**Instructions for the task**
Copy exactly. Include the line containing "Было совершено славление", every line after it, and the last line below, but no pictures.

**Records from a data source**

§ §

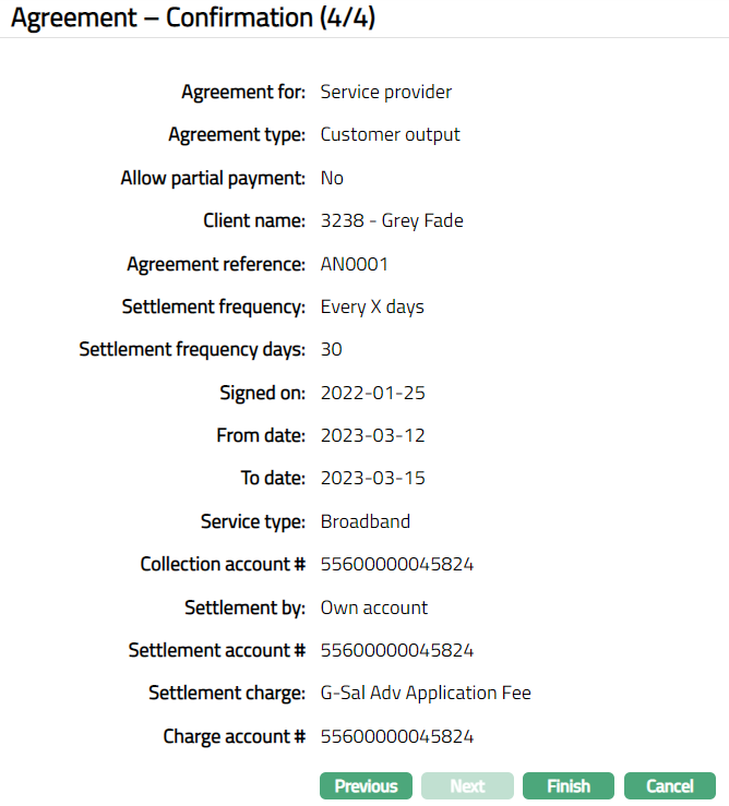 The service provider details entered in the Agreement for Service Provider > Agreement -- Details (2/4) are displayed under the Details tab.
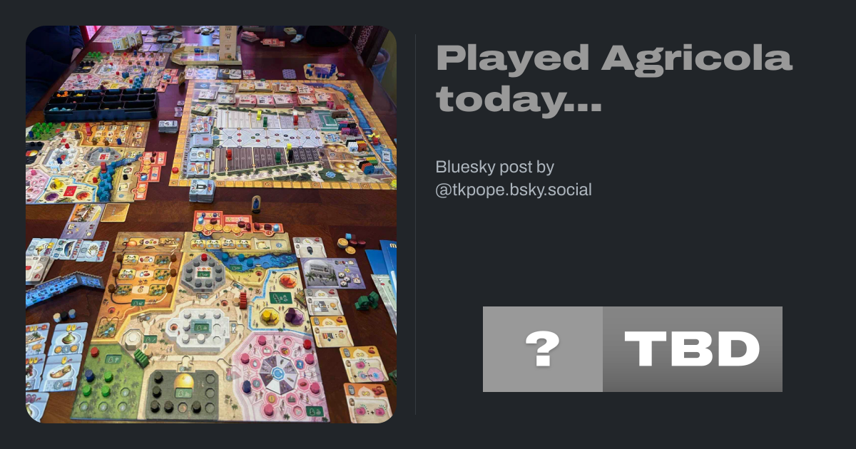 Played Agricola today boardgamegeek.com/boardgame/31... #bggplay via @boardgamegeek.com
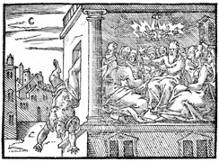 Description: Eutychus falls from the window, having fallen asleep during Paul’s message. Illustration by Pierre Eskrich (ca. 1550-ca. 1590).
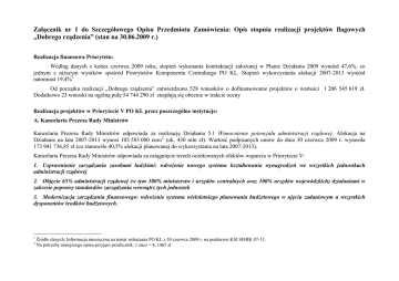 Załącznik nr 1 do Szczegółowego Opisu Przedmiotu Zamówienia: Opis stopnia realizacji projektów flagowych „Dobrego rządzenia” (stan na 30.06.2009 r.) Realizacja finansowa Priorytetu: Według danych z końca czerwca 2009 roku, stopień wykonania kontraktacji załoŜonej w Planie Działania 2009 wyniósł 47,6%, co jednym z niŜszym wyników spośród Priorytetów Komponentu Centralnego PO KL. Stopień wykorzystania alokacji 2007-2013 wyniósł natomiast 19,4%1 Od początku realizacji „Dobrego rządzenia” zatwierdzono 528 wniosków o dofinansowanie projektów o wartości 1 206 545 619 zł. Dodatkowo 23 wnioski na ogólną pulę 54 744 290 zł znajdują się obecnie w trakcie oceny Realizacja projektów w Priorytecie V PO KL przez poszczególne instytucje: A. Kancelaria Prezesa Rady Ministrów Kancelaria Prezesa Rady Ministrów odpowiada za realizację Działania 5.1 Wzmocnienie potencjału administracji rządowej. Alokacja na Działanie na lata 2007-2013 wynosi 103 583 000 euro2 (ok. 430 mln zł). Wartość podpisanych umów do dnia 30 czerwca 2009 r. wynosiła 173 941 736,85 zł (co stanowiło 40,5% alokacji planowanej do wykorzystania na lata 2007-2013). Kancelaria Prezesa Rady Ministrów odpowiada za osiągnięcie trzech oczekiwanych efektów wsparcia w Priorytecie V: 1. Usprawnienie zarządzania zasobami ludzkimi: wdroŜenie nowego systemu kształtowania wynagrodzeń we wszystkich jednostkach administracji rządowej 2. Objęcie 65% administracji rządowej (w tym 100% ministerstw i urzędów centralnych oraz 100% urzędów wojewódzkich) działaniami w zakresie poprawy standardów zarządzania wewnątrz tych jednostek 3. Modernizacja zarządzania finansowego: wdroŜenie systemu wieloletniego planowania budŜetowego w ujęciu zadaniowym u wszystkich dysponentów środków budŜetowych. 1 2 Źródło danych: Informacja miesięczna na temat wdraŜania PO KL z 30 czerwca 2009 r. na podstawie KSI SIMIK 07-13. Na potrzeby niniejszego opisu przyjęto przelicznik: 1 euro = 4, 1465 zł Realizowane projekty systemowe IP II w Działaniu 5.1: Poddzia łanie Projekt Beneficjent Okres realizacji 5.1.1 Przeprowadzenie badania i analiza potrzeb szkoleniowych, opracowanie planu działań (strategii szkoleniowej) w słuŜbie publicznej na lata 2008-2010 oraz realizacja szkoleń Departament SłuŜby Cywilnej i Państwowego Zasobu Kadrowego 01.04.2008 30.06.2009 – 6 813 965 PodwyŜszenie kwalifikacji kadr administracji rządowej poprzez przyszkolnie pracowników realizujących zadania nałoŜone na tę administrację. 8% 5.1.1 Wartościowanie stanowisk pracy oraz zmiany w systemie wynagrodzeń administracji rządowej Departament SłuŜby Cywilnej i Państwowego Zasobu Kadrowego 01.04.2008 30.06.2009 – 5 378 997 Zwiększenie zdolności urzędów zatrudniających członków korpusu słuŜby cywilnej do wykorzystywania nowoczesnych narzędzi zarządzania zasobami ludzkimi i efektywnego zarządzania wynagrodzeniami 38% 5.1.1 Poprawa zdolności zarządczych w urzędach administracji rządowej Departament SłuŜby Cywilnej i Państwowego Zasobu Kadrowego 01.04.2008 31.12.2009 – 7 701 942 Upowszechnienie stosowania kompleksowego zarządzania jakością w urzędach administracji rządowej 18% 5.1.1 Opracowanie koncepcji systemu opisów stanowisk pracy i wartościowania wysokich stanowisk państwowych oraz powiązania jego wyników z systemem wynagrodzeń Departament SłuŜby Cywilnej i Państwowego Zasobu Kadrowego 07.04.2008 31.05.2009 – 545 347 Wzrost przejrzystości administracji publicznej w wyniku standaryzacji procesu zarządzania zasobami ludzkimi. 12% 5.1.1 Szkolenia osób powołanych na wysokie stanowiska państwowe z państwowego zasobu kadrowego Departament SłuŜby Cywilnej i Państwowego Zasobu Kadrowego 07.04.2008 31.03.2009 – 5 310 747 Podniesienie konkurencyjności polskiej gospodarki w wyniku budowy sprawnej, przejrzystej i przyjaznej administracji publicznej. 42% 5.1.1 Poprawa jakości zarządzania w administracji rządowej Akademia Zarządzania Publicznego II etap Departament Cywilnej KPRM SłuŜby 01.04.2009 31.12.2010 - 8 434 912 poprawa efektywności funkcjonowania i potencjału polskiej administracji publicznej 0% 5.1.1 Podniesienie jakości procesów decyzyjnych w administracji rządowej poprzez wykorzystanie potencjału środowisk naukowych i eksperckich Departament SłuŜby Cywilnej i Państwowego Zasobu Kadrowego 01.04.2009 31.12.2010 - 3 694 539 Usprawnienie mechanizmów decyzyjnych podejmowanych w administracji rządowej, a w konsekwencji sprawne i efektywne nią zarządzanie. 0% 5.1.1 Modernizacja systemów zarządzania i podnoszenie kompetencji kadr poprzez realizację wdroŜeń usprawniających Departament Cywilnej KPRM 01.04.2009 31.12.2011 - 5 405 400 Modernizacja systemów zarządzania oraz podnoszenie kompetencji kadr w administracji rządowej poprzez realizację ok. 30 wdroŜeń 0% SłuŜby Wartość projektu: Cel ogólny: Postęp finans. ukierunkowanych na poprawę procesów zarządzania w administracji rządowej usprawniających wybranych w trybie otwartej aplikacji, zgłaszanych przez urzędy administracji rządowej funkcjonujące na obszarze całego kraju, ukierunkowanych na poprawę procesów zarządzania. 5.1.1 Strategia zarządzania zasobami ludzkimi w słuŜbie cywilnej Departament SłuŜby Cywilnej i Państwowego Zasobu Kadrowego 01.04.2009 31.12.2011 - 10 289 848 Usprawnienie systemów zarządzania zasobami ludzkimi poprzez opracowanie i wdroŜenie strategii zarządzania zasobami ludzkimi 0% 5.1.1 WdroŜenie strategii szkoleniowej Departament Cywilnej KPRM SłuŜby 01.07.2009 31.12.2011 - 19 598 585 Stworzenie spójnej dla całej administracji rządowej polityki szkoleniowej 0% 5.1.2 Przygotowanie administracji rządowej do sporządzania zadaniowego planu wydatków na rok 2008 Departament BudŜetu Zadaniowego KPRM 01.06.2007 15.05.2008 - 2 468 060 PodwyŜszenie kompetencji pracowników dysponentów głównych w zakresie sporządzania zadanioweg
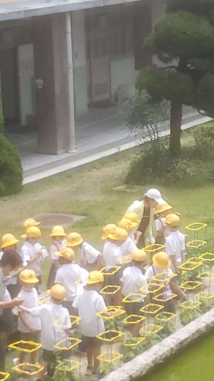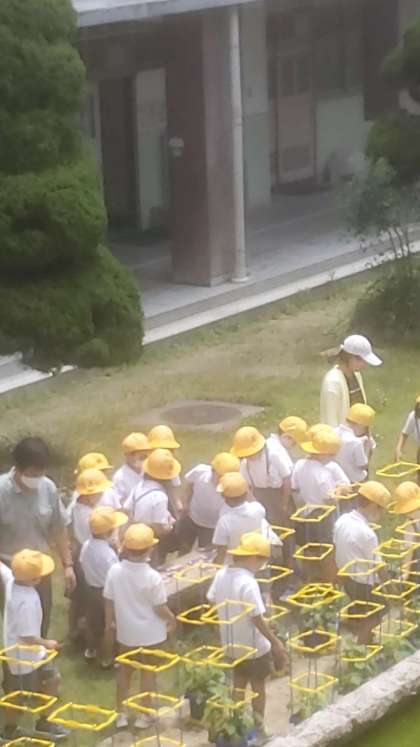 春に植えた朝顔も随分と大きくなりましたね。1年生の皆さんと同じように、確実に成長しています。
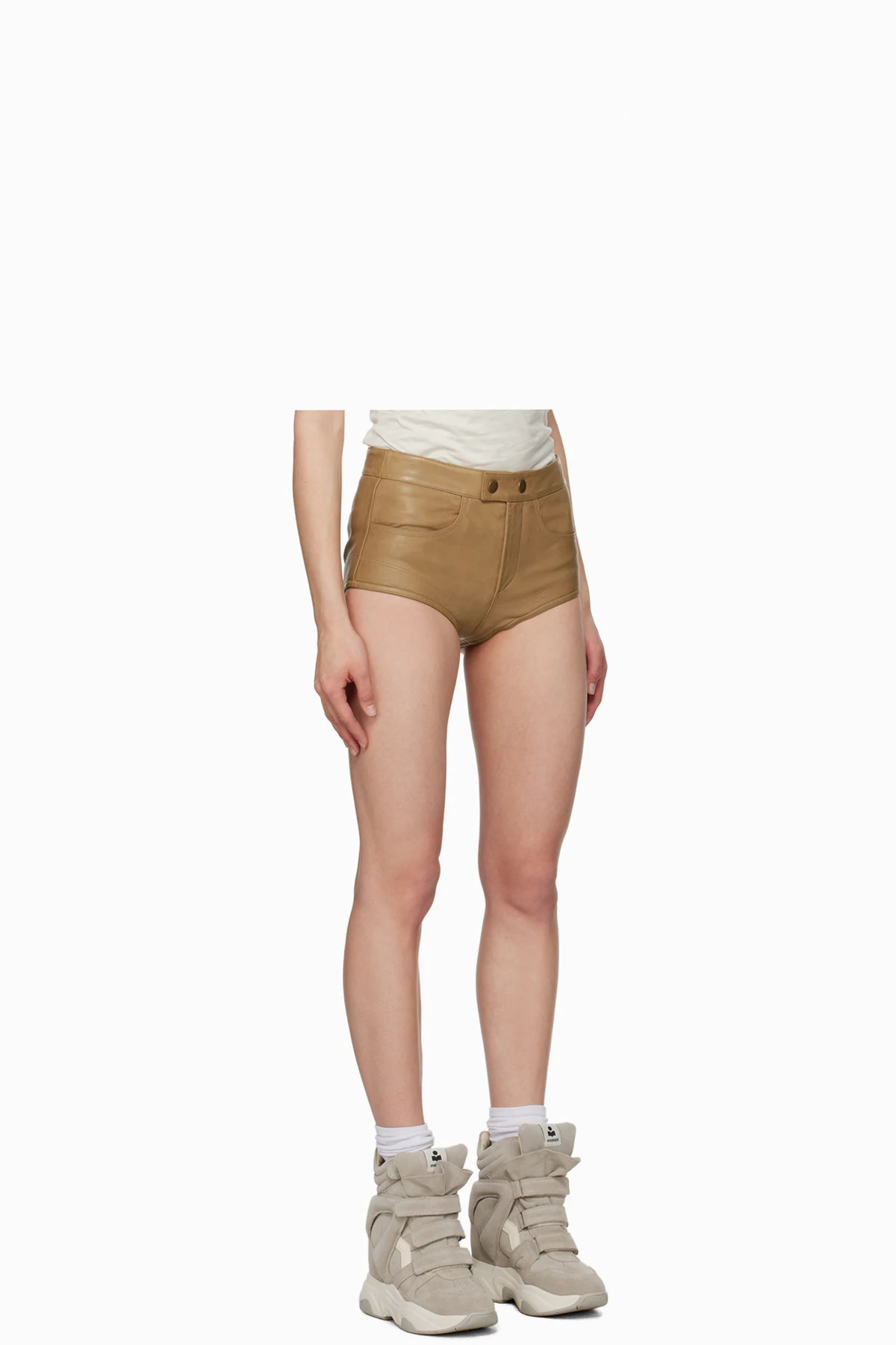 Tan Leslie Leather Shorts
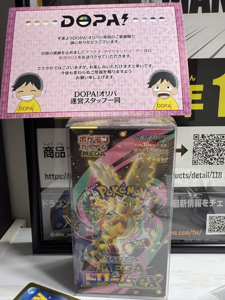 @dopa_oripa #DOPAオリパ #DOPA当選報告 DOPA!にて久しぶりに大当たり🎯引けました❣️キタ━(゚∀゚)━! 新弾のハイクラスパックMEGAドリームex1BOX〜💖 めっちゃ嬉しい😊 開封結果もポスト出来たらポストすると思います♪ pic.x.com/gMMh0VyHDu
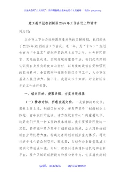 / 党工委书记在创新区2025年工作会议上的讲话
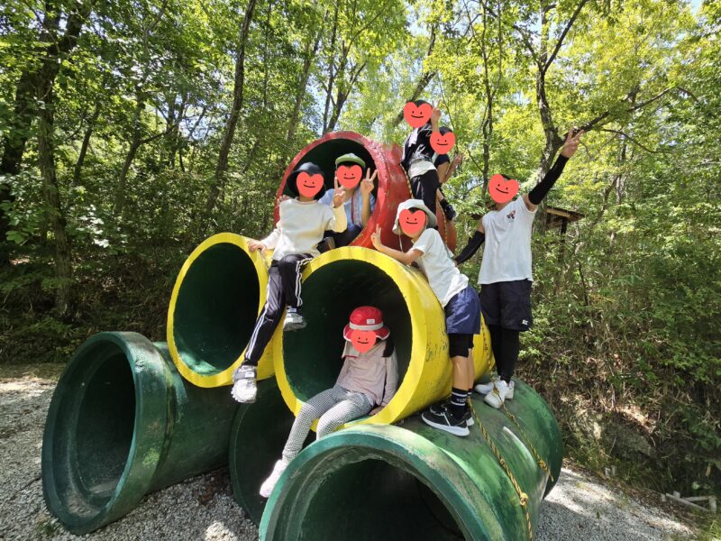 黒髪山キャンプフィールドへ「デイキャンプ」に行ってきましたpart2😊 さっそく昼食準備🎵お兄ちゃんお姉ちゃん達がテキパキと配膳してくれています👍みんなたくさん食べてパワー満タン! 午後から土管・木のエリアへゴーゴー!上 …
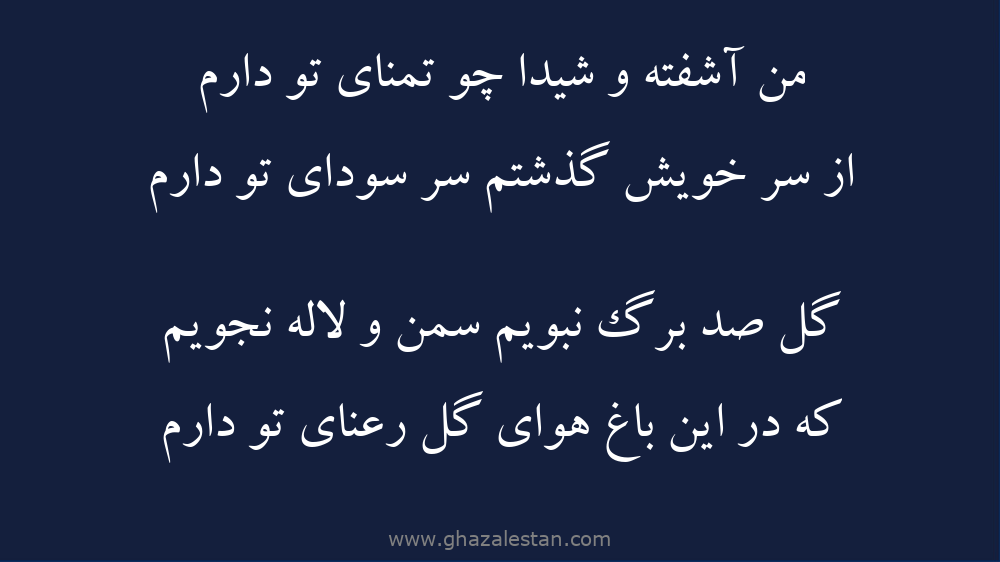 من آشفته و شيدا چو تمناى تو دارم
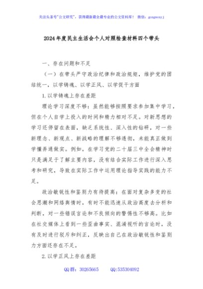 / 2024年度民主生活会个人对照检查材料四个带头
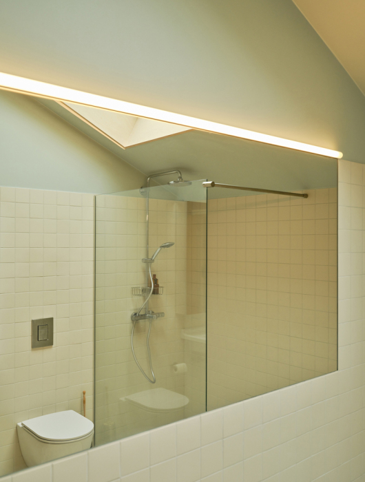 Интерьер ванной комнаты на втором этаже загородного дома (Студия художника Хлодуберга, Исландия). | Фото: studiobua.com.
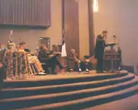 During the time when African Americans were barred from ordination, women began to receive greater opportunities for leadership. Women formed an important part of the Assemblies of God's constituency, many being Sunday School workers and evangelists, most prominent being Aimee Semple McPherson (who would later found the Foursquare Church). This made the issue of women's place in the movement important in the 1930s.[47] It was also recognized that many congregations who could not afford male pastors relied on women preachers. Although opposition to female pastors had been regularly affirmed since 1914, the office of pastor was opened to women in 1935.[48]
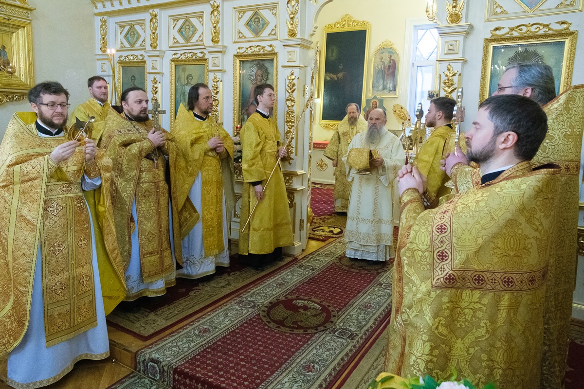 Было совершено славление святителям Василию Великому, Григорию Богослову и Иоанну Златоусту, а также священномученику Ипполиту, епископу Остинскому.
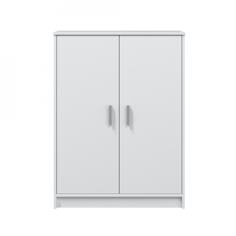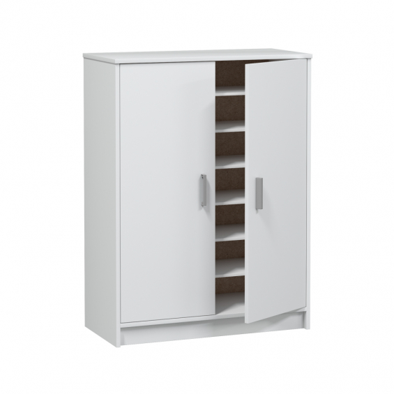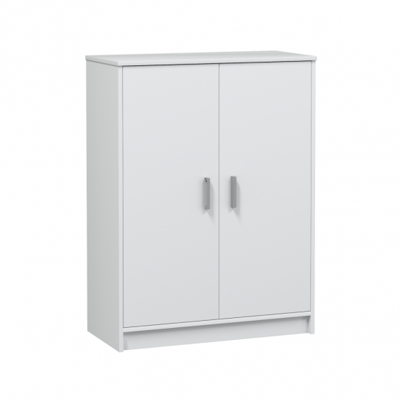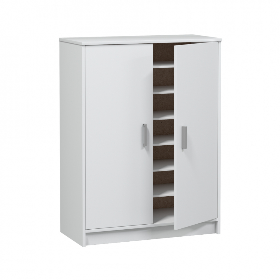 Mueble de 2 puertas y 6 estantes. color blanco. material: melamina. contiene: bisagras metálicas, soporte estantes metálicos, tacos abs quitarruidos y antirayas y tiradores abs pintados en gris aluminio. medidas: 75 x 36 x 101 cm

§ §

**Written solution**
 Было совершено славление святителям Василию Великому, Григорию Богослову и Иоанну Златоусту, а также священномученику Ипполиту, епископу Остинскому.
 Mueble de 2 puertas y 6 estantes. color blanco. material: melamina. contiene: bisagras metálicas, soporte estantes metálicos, tacos abs quitarruidos y antirayas y tiradores abs pintados en gris aluminio. medidas: 75 x 36 x 101 cm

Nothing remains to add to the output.